Similar considerations apply to audiometric effects on ABR latencies. For the stimuli in quiet, sloping high-frequency hearing losses, such as those of the older participants in the current study, may be expected to lead to delayed latencies at low stimulus levels because ABR contributions will tend to shift from the impaired basal sites towards the more apical sites with better preserved low-level sensitivity (Gorga et al., 1985). These effects, however, may have been too small to be reliably detected for a click with a level of 80 dB ppeSPL, and the mild high-frequency hearing losses of the older listeners in the current study (see simulations in Verhulst et al., 2016). For derived-band responses, the effect of OHC dysfunction changes both passive and active cochlear mechanics with opposite consequences on wave latencies at low stimulus levels: increased latency for the change in passive cochlear mechanics, and decreased latency for the wider auditory filters caused by the change in active cochlear mechanics (Don et al., 1998). The latter effect tends to dominate, leading to shorter ABR wave latencies, but only for hearing losses exceeding 20–30 dB (Don et al., 1998), which are larger than the hearing losses in the low-frequency region of the participants of the current study.

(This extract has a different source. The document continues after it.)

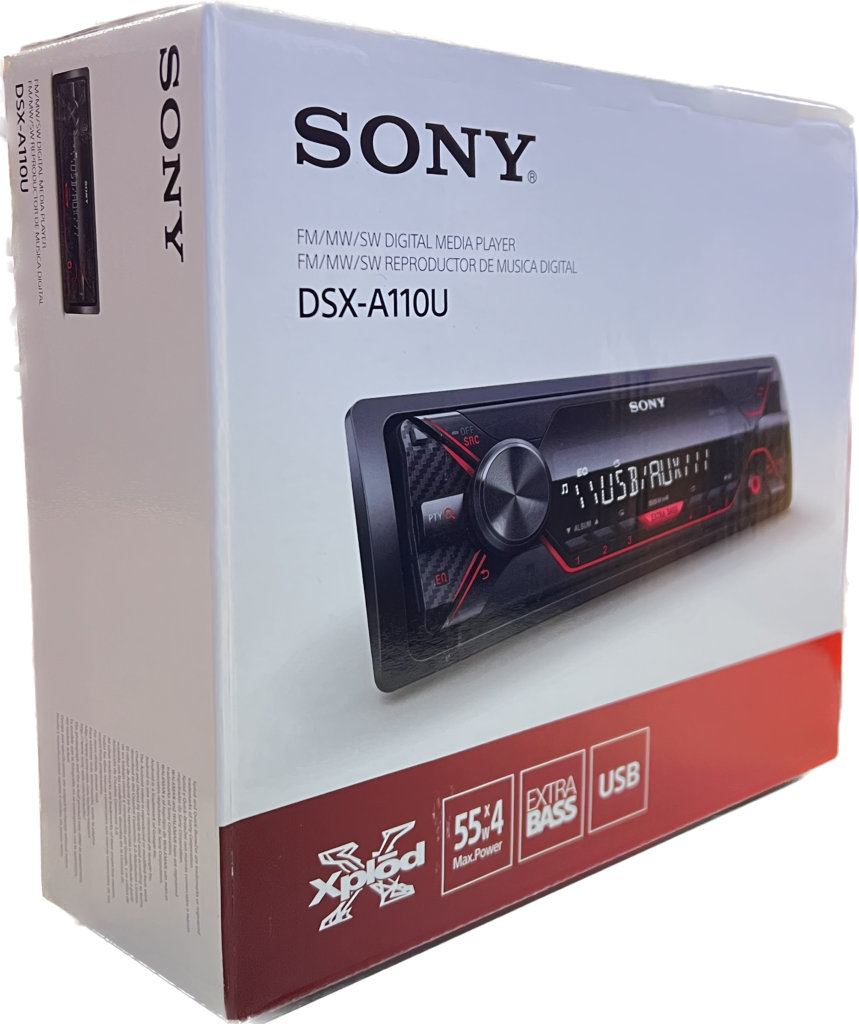 پخش کننده خودرو سونی مدل DSX-A110U محصولی با امکانات، کیفیت و قیمت مناسب می‌باشد که کمپانی سونی ” Sony ” آن را با هدف قابل دسترس بودن برای همه‌ی مشتریان تولید و عرضه نموده است. این پخش کننده دارای پورتUSB بوده که ازطریق آن می‌توانید به پخش موزیک باانواع USB و شارژگوشی موبایل اندروید بپردازید. همچنین این ضبط ماشین شامل پورت AUX  نیز می‌باشد که به‌وسیله‌ی آن می‌توانید فایل‌های صوتی داخل گوشی،MP3 Player  و دستگاه‌های پخش کننده دیگری که ورودی AUX  دارند را در ماشین خود پخش کنید.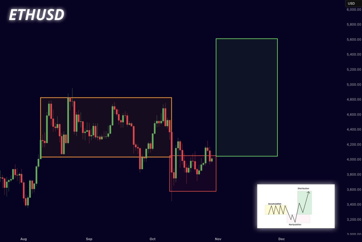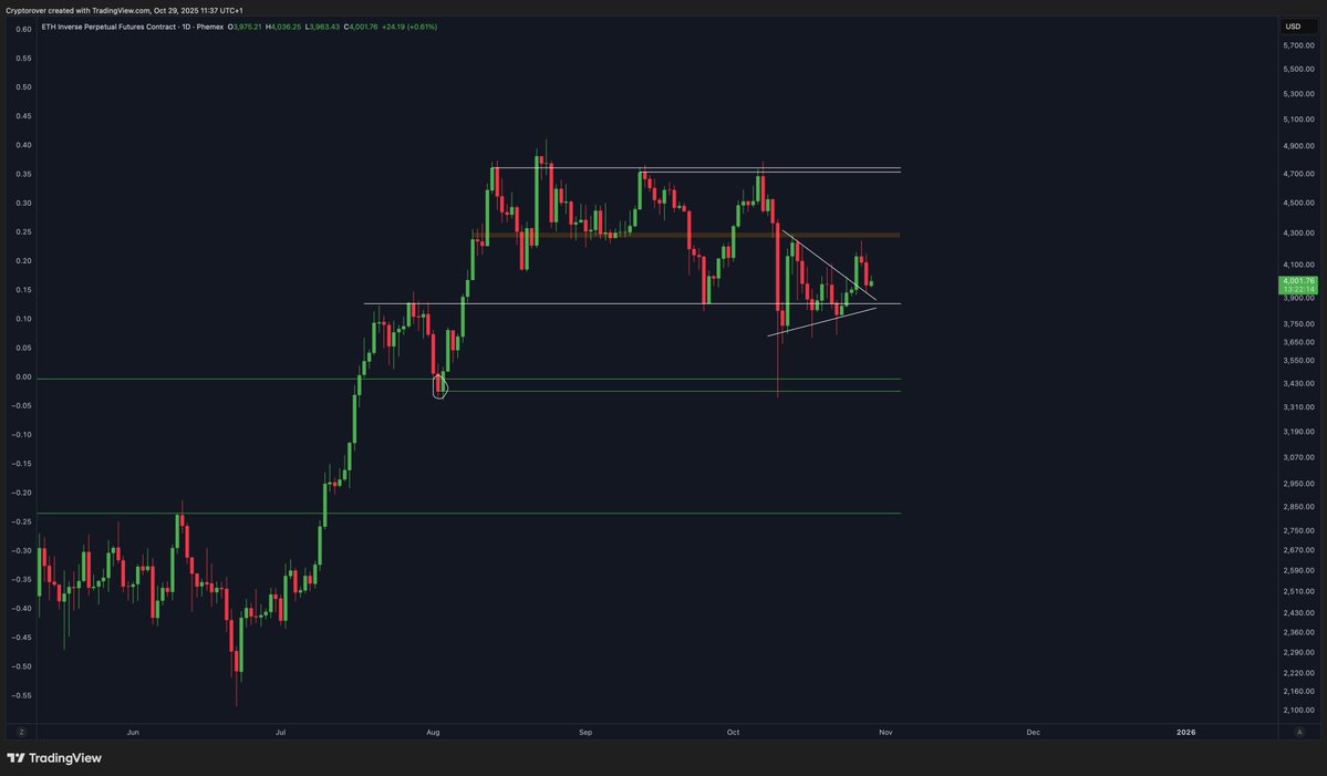 $ETH 看盘面的话,上方潜在阻力应该是放到 4030 做区间震荡了。

The trends for higher ABR wave amplitudes in quiet for females compared to males observed in the current study are consistent with previous reports (Don et al., 1993), and underline the importance of considering sex effects when designing and analyzing ABR experiments.
4.2. FFR Measures
The FFR SNR showed age-related decreases for both TFS and ENV components of the 0.6-kHz CF stimulus. These results are in agreement with several other studies showing age-related decreases in subcortical measures of neural phase locking to tones amplitude modulated at rates ~ 100 Hz (Garrett, Verhulst, 2019, Grose, Mamo, Hall, 2009, Leigh-Paffenroth, Fowler, 2006). There was little evidence, however, that the age-related decreases for the ENV component were greater at shallow compared to deep MDs, as predicted by the CS hypothesis. A similar result was reported by Garrett and Verhulst (2019), who did not find differences in the slope of FFR SNR as a function of MD between a group of 22 young normal hearing listeners and a group of 23 older listeners with hearing loss. For an AM tone with a shallow MD, Encina-Llamas et al. (2019) found shallower FFR growth functions with level in four older hearing impaired listeners compared to nine young normal hearing listeners, while growth functions with level were similar for the two groups for an AM tone with a deeper MD. Although the results of this latter study seem consistent with a CS profile, considering its small sample size relative to the current study and that of Garrett and Verhulst (2019), the overall results of these studies do no provide much evidence that age-related FFR decreases are greater at low MDs. Moreover, the interpretation of the results of Garrett and Verhulst (2019) and Encina-Llamas et al. (2019) is complicated by the fact that neither study used HP noise to mask the contribution of high-frequency cochlear regions, nor estimated age effects while simultaneously controlling for audiometric threshold shifts. Simulations of auditory nerve activity run by Encina-Llamas et al. (2019) suggest that, without HP masking noise, off-frequency contributions tend to dominate the FFR, and detecting the effects of even a complete loss of L/M-SR fibers becomes difficult because of the large contribution of off-frequency H-SR fibers to the response.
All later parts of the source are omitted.